Given that vision is not a likely cue for the beetles, there is evidence that odor itself can protect the carcass from attack. Increasing the age of infection significantly increased the proportion of beetles that did not ever feed on the infected host during the trial (3-day postinfection = 38% of beetles; day 5 = 56% of beetles; day 7 = 67% of beetles; binomial GLM: z = 2.027, df = 1, P = 0.0426). In contrast, only 27.5% of beetles never attacked an uninfected waxworm across all infection stages. However, as the beetles could examine waxworms with their antenna, we could not rule out that some of this avoidance was due to direct chemical assessment, and some due to olfaction. Hence, in the next experiment, we tested the role of olfaction specifically.
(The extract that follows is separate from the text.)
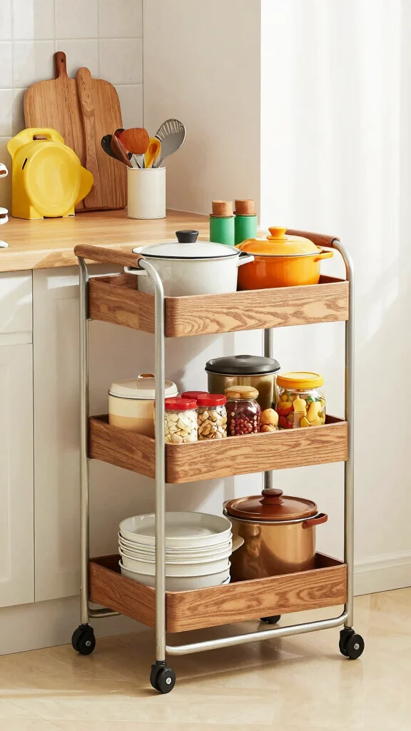 Using a rolling cart helps keep your kitchen organized while adding flexibility without permanent changes.
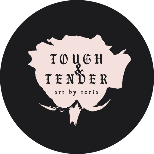 Tough & Tender logo printed with water-based ink on a black heavy cotton Gildan shirt

Finally, in this experiment, there was no significant difference between the number of antennal cleans performed by P. madidus on encountering infected or uninfected waxworms (Supplementary Figure S2; P > 0.05 for days 3, 5, and 7 for both the number of antennal cleans [day 3; P = 0.750, day 5; P = 0.734, day 7; P = 0.852] and antennal cleans per se [present or absent] [day 3; P = 0.639, day 5; P = 0.714, day 7; P = 0.208]). Furthermore, there was no effect of beetle sex on the number of antennal cleans performed. However, there was a significant negative effect of beetle weight on the number of antennal cleans performed when beetles were exposed to day 7 postinfection either infected or uninfected waxworms (F 1,26 = 4.609, P = 0.041), so that bigger beetles made fewer cleans than smaller beetles.

There were only 6 episodes of mandibular cleaning (beetles utilizing their front tarsi to “wipe” their mandibles) during the day 3 postinfection experiments, 13 during the day 5 postinfection experiments, and 4 during the day 7 postinfection experiments. The time spent mandibular cleaning ranged from 2 to 83s, and the majority of episodes were observed in P. madidus that were trialed with infected waxworms.
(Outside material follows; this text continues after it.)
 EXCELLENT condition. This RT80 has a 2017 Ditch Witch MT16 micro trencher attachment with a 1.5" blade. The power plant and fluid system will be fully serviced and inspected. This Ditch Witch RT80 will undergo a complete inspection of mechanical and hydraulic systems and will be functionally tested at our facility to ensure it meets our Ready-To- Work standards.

EXPERIMENT 2: IS THERE OLFACTORY PROTECTION OF INFECTED WAXWORMS?

This experiment was designed as a 2-choice preference test (Figure 1b). Scent test arenas were created using plastic food containers (Smart Tubz, Tesco, 11cm × 16cm × 4.5cm) with 2 bijou bottle lids (diameter = 15mm, height = 10mm) as scent wells positioned 12cm apart (see Figure 1b). Square pieces of opaque Parafilm™ were then used to cover the scent wells, and 21 holes were pierced with a needle in a grid-like fashion for aeration.
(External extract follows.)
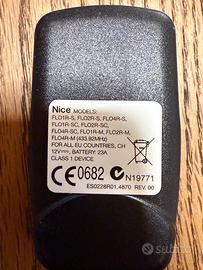Radiocomando Nice FLO2R-S con 2 pulsanti. - Disegno compatto ed ergonomico. - Indicatore LED azzurro. - Portachiavi integrato

To provide scent cues, 0.3g of macerated fresh infected (either day 3, 5, or 7 postinfection) or fresh uninfected waxworms were measured and put into opposite lids. During an experimental trial, beetles were observed for 1h, and we recorded the time spent in proximity to each scent well. Beetles were tested in 2 trials with the position of the infected waxworm reversed between them (with a minimum of 7 days between first and second trials). Hence, approximately half the beetles (n = 10) received scent from uninfected waxworms on the right hand side and the others (n = 9) received scent from uninfected waxworms on the left hand side. Arenas were reused between trials but were cleaned with 70% ethanol to prevent beetles leaving olfactory cues to other subjects. Fresh olfactory cues were made on each day of the experiment.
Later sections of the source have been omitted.